C’est bien de soigner les humains, mais il ne faut pas oublier les animaux aussi”, nous lance-t-elle. Dans sa tête, tout est déjà planifié : elle imagine son cabinet, le nombre de vétérinaires et d’assistantes, et même le planning ! Consciente qu’il lui faudra réussir ses études pour accomplir son souhait, elle surveille tous les jours ses notes pour se maintenir au plus haut niveau.

Emma se projette loin, très loin, mais à vrai dire, elle fait un peu figure d’exception dans son entourage : La plupart de mes copains ne veulent pas parler du travail, ils trouvent que c’est dans trop longtemps. Sur ce point, la génération alpha est comme ses prédécesseuses : de tout temps, il a été difficile pour un adolescent de se projeter dans le futur.

Les adolescents vivent dans l’instant, c’est pourquoi il peut être si difficile pour les parents de les mobiliser”, souligne David Le Breton.
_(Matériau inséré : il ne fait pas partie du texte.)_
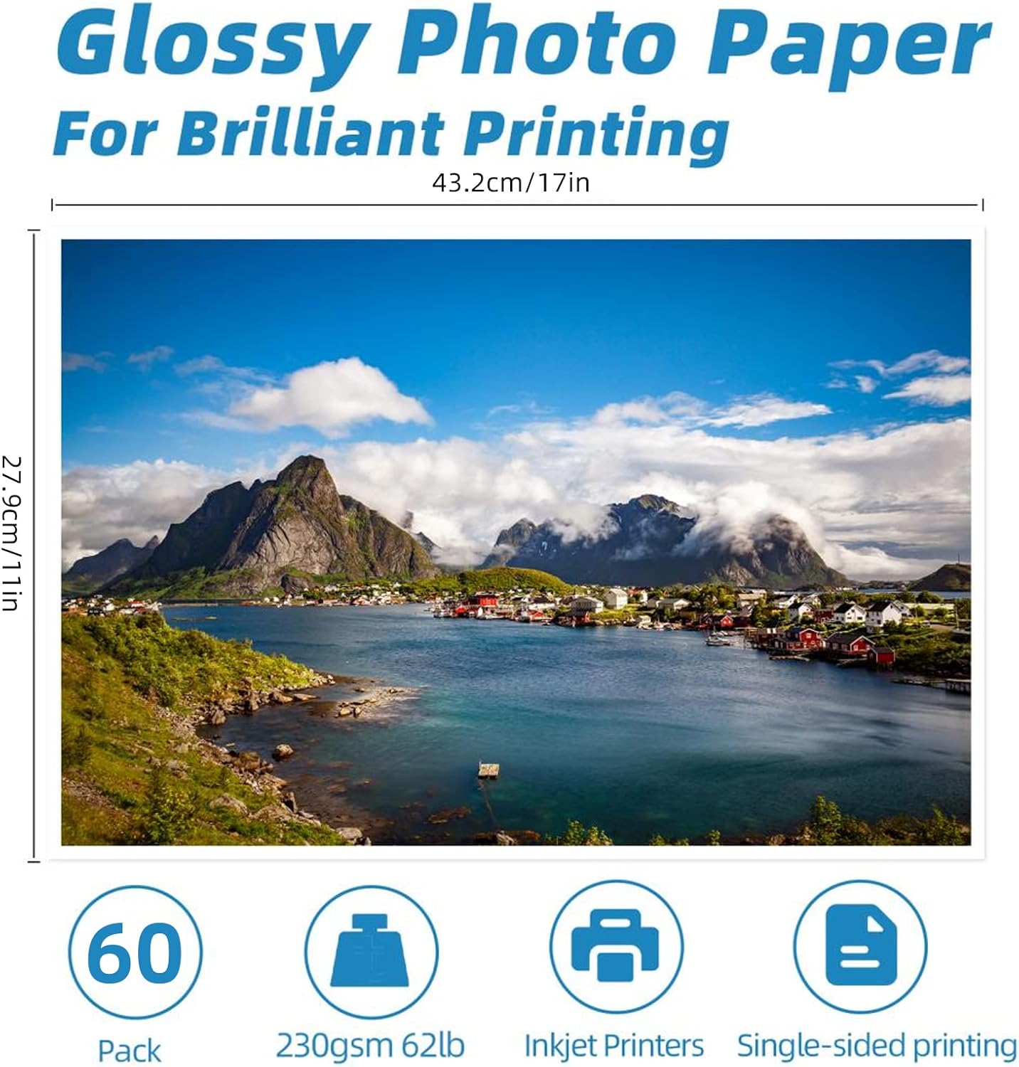 Uinkit 11 x 17 Thick Photo Paper Glossy 11x17 60Sheets 62lb Inkjet Heavyweight 230gsm Gallery show Brochure Pictures Funeral Bulletin Obituary Papers Obituaries Gloss Papers

Pour autant, le professeur à l’université de Strasbourg et spécialiste de la sociologie du corps estime que le phénomène est amplifié à l’ère de l’immédiateté : “le monde change si vite aujourd’hui, l’environnement est si incertain, que cela aide encore moins les jeunes à se projeter”.

Les réseaux sociaux ou l’illusion de l’argent facile

Les réseaux sociaux ne sont bien sûr pas étrangers à tout cela. Pour Catherine Pierrat, psychologue de la famille, nul doute : leur usage est un véritable fléau chez la jeune génération. “Les enfants qui viennent en consultation, et qui sont pour certains en primaire, sont nombreux à me confier vouloir devenir influenceurs ou créateurs de jeux vidéo, quand autrefois, on retrouvait des métiers classiques comme enseignant, médecin etc”, relate-t-elle.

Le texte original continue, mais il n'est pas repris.